La division générale n’a pas commis d’erreur de droit

[32] La prestataire soutient que la division générale a mal interprété son argument lorsqu’elle a conclu qu’elle demandait que des mesures d’adaptation soient prises à son égard. Elle soutient que le fait qu’elle subissait des tests médicaux signifie qu’il était raisonnable pour elle de tenir pour acquis qu’elle ne ferait pas l’objet de mesures disciplinaires. Cela s’explique par le fait que l’employeur a l’obligation de prendre des mesures d’adaptation à son égard.

[33] Les observations et le témoignage de la prestataire devant la division générale ont tous deux confirmé qu’elle avait reçu la politique de l’employeur le 7 septembre 2021. Elle savait que la politique prévoyait que les employés devaient présenter une preuve de vaccination ou une exemption médicale ou fondée sur des croyances au plus tard le 20 septembre 2021. Elle savait également que l’omission de s’y conformer pourrait entraîner des mesures disciplinairesNote de bas de page 18.

[34] La division générale a établi le critère juridique pour l’inconduite. Elle a souligné qu’il y a inconduite si la prestataire savait, ou aurait dû savoir, qu’elle pourrait faire l’objet de mesures disciplinaires en raison de sa conduiteNote de bas de page 19.

[35] Il ne ressort pas clairement du dossier que la division générale a mal interprété les arguments de la prestataire. Dans son avis d’appel à la division générale, la prestataire mentionne les communications avec l’employeur et les efforts continus pour faire l’objet d’une évaluation médicale après la date de sa suspension. La prestataire soutient qu’elle a été congédiée de façon prématurée avant de pouvoir déterminer si elle pouvait se conformer à la politique sur le plan médical.

[36] La division générale note dans sa décision que la prestataire a finalement été licenciée le 14 février 2022. Sa compétence se limitait à la décision de réexamen concernant la suspension de la prestataire et elle n’a tiré aucune conclusion concernant le licenciementNote de bas de page 20. Il ne ressort pas clairement du dossier que la prestataire soutenait qu’elle ne croyait pouvoir faire l’objet d’aucune mesure disciplinaire en attendant de subir un test médical. 

[37] La prestataire souligne qu’elle a fait valoir qu’elle croyait raisonnablement ne pas pouvoir faire l’objet de mesures disciplinaires et non qu’elle avait demandé que des mesures d’adaptation soient prises à son égard. Je ne crois pas que cet argument ait été suffisamment clair pour que l’omission de la division générale de l’aborder de façon claire constitue une erreur de droit. De plus, j’ai conclu ci‑dessus qu’il y avait suffisamment d’éléments de preuve indiquant que la prestataire était consciente des conséquences possibles du non‑respect de la politique.

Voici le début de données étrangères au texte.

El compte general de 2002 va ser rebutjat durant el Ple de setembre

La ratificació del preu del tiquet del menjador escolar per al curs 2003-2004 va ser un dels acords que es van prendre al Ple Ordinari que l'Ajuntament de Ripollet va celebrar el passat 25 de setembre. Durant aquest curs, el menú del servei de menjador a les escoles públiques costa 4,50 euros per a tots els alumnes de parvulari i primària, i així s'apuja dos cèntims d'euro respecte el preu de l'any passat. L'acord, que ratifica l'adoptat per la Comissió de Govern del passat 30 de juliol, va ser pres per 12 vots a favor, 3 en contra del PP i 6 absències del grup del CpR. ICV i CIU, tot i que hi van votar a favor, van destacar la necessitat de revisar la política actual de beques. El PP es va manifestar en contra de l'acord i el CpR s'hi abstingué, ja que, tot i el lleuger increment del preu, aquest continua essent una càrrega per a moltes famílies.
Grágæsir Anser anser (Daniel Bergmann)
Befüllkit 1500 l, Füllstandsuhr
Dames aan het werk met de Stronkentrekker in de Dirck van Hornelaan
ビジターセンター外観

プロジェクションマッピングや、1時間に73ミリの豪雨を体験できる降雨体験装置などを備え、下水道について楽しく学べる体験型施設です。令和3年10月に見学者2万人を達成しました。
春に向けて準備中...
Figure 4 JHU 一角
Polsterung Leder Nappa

[38] Je conclus que la distinction dans l’argument auquel la prestataire fait référence n’aurait eu aucune incidence sur le résultat étant donné les conclusions de fait de la division générale concernant la connaissance par la prestataire de la date limite du 20 septembre fixée par la politique et des conséquences possibles d’une omission de s’y conformer.

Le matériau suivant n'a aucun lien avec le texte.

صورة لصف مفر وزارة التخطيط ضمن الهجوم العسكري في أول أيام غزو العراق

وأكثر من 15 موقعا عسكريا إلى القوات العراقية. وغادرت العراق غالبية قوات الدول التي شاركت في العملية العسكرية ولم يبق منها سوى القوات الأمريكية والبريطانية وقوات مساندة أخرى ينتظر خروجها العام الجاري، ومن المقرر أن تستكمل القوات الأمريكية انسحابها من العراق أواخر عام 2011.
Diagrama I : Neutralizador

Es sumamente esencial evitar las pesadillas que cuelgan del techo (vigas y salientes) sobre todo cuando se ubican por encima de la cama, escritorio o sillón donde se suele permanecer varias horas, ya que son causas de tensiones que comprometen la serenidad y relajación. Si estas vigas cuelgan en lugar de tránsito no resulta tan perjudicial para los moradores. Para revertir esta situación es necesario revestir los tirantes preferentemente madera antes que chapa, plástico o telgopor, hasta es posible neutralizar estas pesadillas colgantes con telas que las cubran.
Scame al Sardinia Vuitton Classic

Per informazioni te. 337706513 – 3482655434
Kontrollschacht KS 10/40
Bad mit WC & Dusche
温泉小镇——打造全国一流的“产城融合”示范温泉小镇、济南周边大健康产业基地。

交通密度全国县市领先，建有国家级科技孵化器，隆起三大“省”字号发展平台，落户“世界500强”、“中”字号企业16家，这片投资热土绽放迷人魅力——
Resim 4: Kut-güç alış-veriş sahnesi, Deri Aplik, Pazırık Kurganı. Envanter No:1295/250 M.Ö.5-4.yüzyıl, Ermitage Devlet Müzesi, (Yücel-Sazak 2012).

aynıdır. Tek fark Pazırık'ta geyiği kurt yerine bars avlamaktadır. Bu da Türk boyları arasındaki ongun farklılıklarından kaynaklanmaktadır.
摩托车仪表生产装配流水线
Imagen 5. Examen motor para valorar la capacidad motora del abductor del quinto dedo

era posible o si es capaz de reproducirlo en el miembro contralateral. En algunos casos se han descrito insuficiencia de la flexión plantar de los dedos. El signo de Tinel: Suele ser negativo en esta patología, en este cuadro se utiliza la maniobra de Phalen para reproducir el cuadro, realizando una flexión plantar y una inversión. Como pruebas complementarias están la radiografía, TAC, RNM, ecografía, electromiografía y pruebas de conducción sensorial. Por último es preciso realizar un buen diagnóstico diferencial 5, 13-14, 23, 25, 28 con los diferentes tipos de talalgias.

[39] La division générale a appliqué le critère juridique approprié aux faits. Elle n’a pas commis d’erreur lorsqu’elle a conclu que la prestataire ne se conformait pas à la politique de l’employeur lorsqu’elle a été suspendue. Elle a conclu que cette conduite était consciente et que la prestataire en connaissait les conséquences potentielles. Compte tenu de ces conclusions, la division générale a jugé que les exigences relatives à l’inconduite au sens de la Loi étaient respectées.

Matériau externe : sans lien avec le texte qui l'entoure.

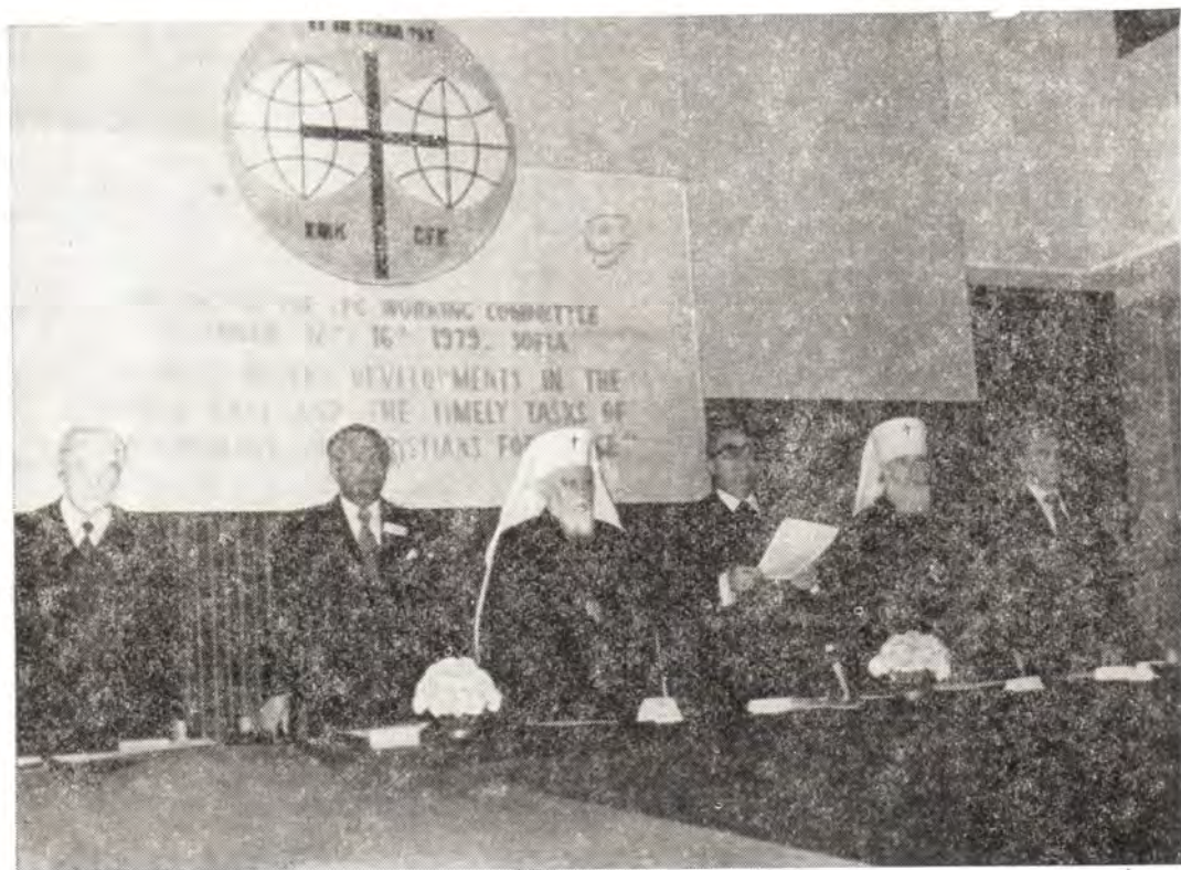
Молитва при открытии сессии Рабочего комитета ХМК в Софии. В центре — Святейший Патриарх Болгарский Максим

Рабочий комитет заслушал доклады о деятельности континентальных и региональных комитетов, дал оценку работе Движения со времени последнего заседания Рабочего комитета в Хельсинки весной этого года и принял планы дальнейшей деятельности.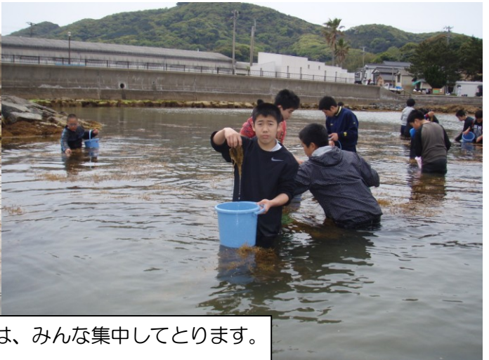
はじめは、みんな集中してとります。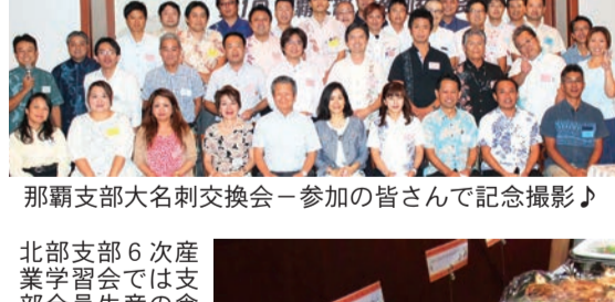
那覇支部大名刺交換会 -参加の皆さんで記念撮影♪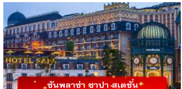
ชันพลาซ่า ซาปา สเตชั่น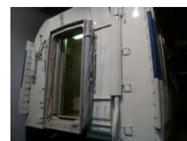
0系16形式新幹線電車

[40] Je conclus que les arguments de la prestataire ne démontrent pas l’existence d’une erreur de droit de la part de la division générale. La division générale n’a pas fondé sa décision sur une erreur de fait importante lorsqu’elle a conclu que la prestataire avait été suspendue en raison d’une inconduite.   

Conclusion

[41] L’appel est rejeté. La division générale n’a pas commis d’erreur qui relève des moyens d’appel autorisés.